Spot on. I do love the way the English and French can be totally outraged with one another though. I wondered what the response would be if the English press published a photo of Valérie Trierweiler sunbathing topless. And I have no doubt they would.

On another note, you ask hard questions don't you. I've no idea if it was north or south Korea. Maybe Korea before it divided.

soubriquet said...

Well said. The even greater hypocrisy is that by talking about the french magazine publishing the topless pics, they immediately created an interest and demand for those pics that would not otherwise exist.
Pretty much anywhere there's a bathing beach in europe, women sunbathe topless with little or no comment, so, exposing your boobs to the sun is no longer considered a heinous perversion. Kate is a young woman, so none of us are surprised that she actually has a pair.
Why the outrage?

And, in a moment of lese majeste, brought on by the BBC's feigned outrage, I googled 'Kate topless'. And lo and behold, I am now as informed as a french person might be.
Well, I only went there for a few seconds, because, to be honest, I'm not that bothered. But it's the same silliness as was in the press over prince Harry parading his ginger-nuts in Las Vegas.
In the bigger scheme of things, who cares? It's meaningless. Does it alter what I think about her? No. Do I think she's done some terribly unroyal thing? No. It's time the royal-watching pundits accepted that the current generation are creatures of their time. Their social mores are not the same as their grandparents'.
The press?hypocrites, all of them.
If they believed their own claptrap, they'd have said "No, it's not an item we're going to run.", and that would be the end of it.

soubriquet said...

As for the other big story of the week, here in Britain, Hillsborough. In the rush to pin the blame, I notice that the whole thing is the police's fault, well, police, ambulance, and Hillsborough management, and no blame at all goes to football fans.

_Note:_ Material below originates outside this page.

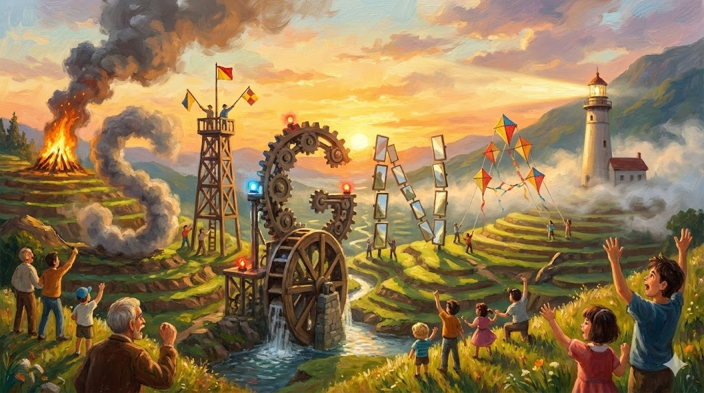 - 해석: 멀리 떨어진 곳에 정보를 전달하기 위해 불을 피워 연기를 이용하는 고대 통신 방식.

Now correct me if I'm wrong. A lot of people died at Hillsborough, because they were crushed and trampled by a mass of people trying to push their way into the ground.
That situation might have been avoided if police had not opened gates to allow a larger number of people in than the turnstiles could. However, all the deaths and injuries were due to people being pushed from behind. To my mind, that makes every person who pushed against any person in front of them, guilty of involuntary manslaughter. These people were killed by their fellow fans, not by police or ambulancemen. If every one of them had shown a modicum of good sense and manners there would be no disaster.

Yes, the police made errors and tried to cover them up, the ambulance response was late and badly co-ordinated, but at the root of it, it was pushing that killed. Pushing.
And I don't imagine the police were at the back, pushing.

Adullamite said...

Mo, The English & French are always at each others throats. Imperialists are like that.....

I was being fasce...fasito....cheeky re Korea. I have however developed an interest in North Korea lately.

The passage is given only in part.